WHAT YOU ARE ASKED TO DO —
Retype, exactly as they stand, the lines from the start of the data to the line that contains "В плошку разбиваем", both ends included. Leave the pictures out.

*** THE INPUT Section Begins ***

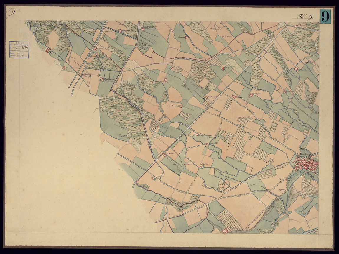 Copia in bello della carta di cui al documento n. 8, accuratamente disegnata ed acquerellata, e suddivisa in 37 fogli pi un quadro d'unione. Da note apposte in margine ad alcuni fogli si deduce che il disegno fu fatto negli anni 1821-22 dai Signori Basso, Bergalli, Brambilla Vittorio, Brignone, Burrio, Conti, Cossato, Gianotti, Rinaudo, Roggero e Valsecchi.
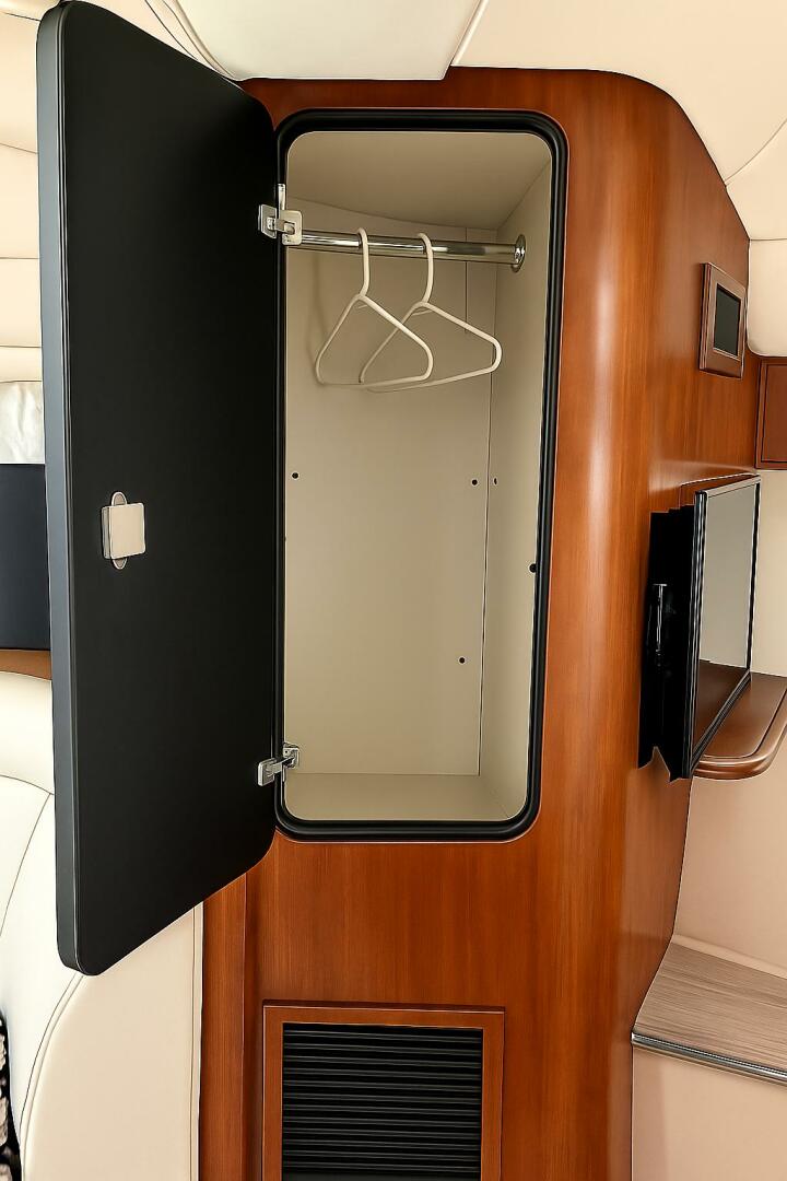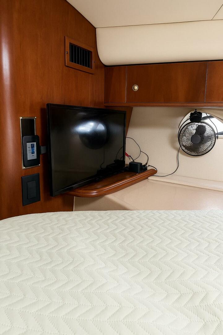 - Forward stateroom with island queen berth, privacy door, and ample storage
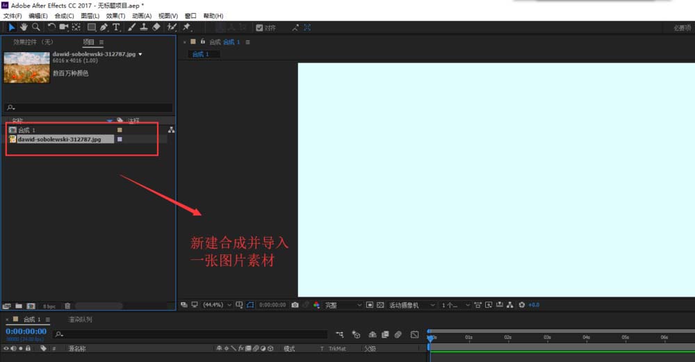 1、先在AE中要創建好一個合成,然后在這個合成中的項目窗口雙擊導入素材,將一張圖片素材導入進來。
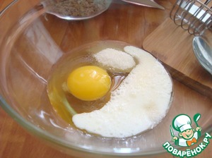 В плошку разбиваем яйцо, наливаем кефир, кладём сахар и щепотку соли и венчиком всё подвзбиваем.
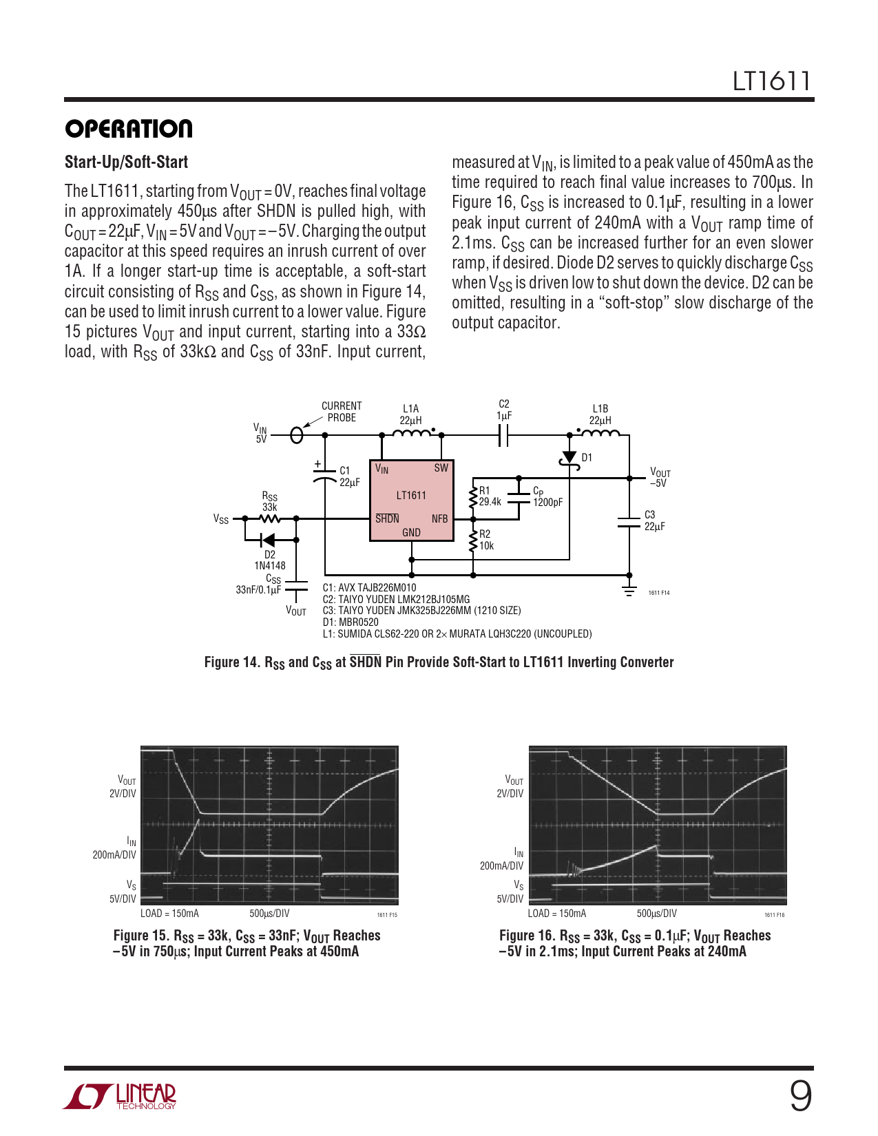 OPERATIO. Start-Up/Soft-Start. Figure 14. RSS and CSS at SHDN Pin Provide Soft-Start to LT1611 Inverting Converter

*** THE INPUT Section Ends ***

PROBLEM SOLUTION —
 Copia in bello della carta di cui al documento n. 8, accuratamente disegnata ed acquerellata, e suddivisa in 37 fogli pi un quadro d'unione. Da note apposte in margine ad alcuni fogli si deduce che il disegno fu fatto negli anni 1821-22 dai Signori Basso, Bergalli, Brambilla Vittorio, Brignone, Burrio, Conti, Cossato, Gianotti, Rinaudo, Roggero e Valsecchi.
 - Forward stateroom with island queen berth, privacy door, and ample storage
 1、先在AE中要創建好一個合成,然后在這個合成中的項目窗口雙擊導入素材,將一張圖片素材導入進來。
 В плошку разбиваем яйцо, наливаем кефир, кладём сахар и щепотку соли и венчиком всё подвзбиваем.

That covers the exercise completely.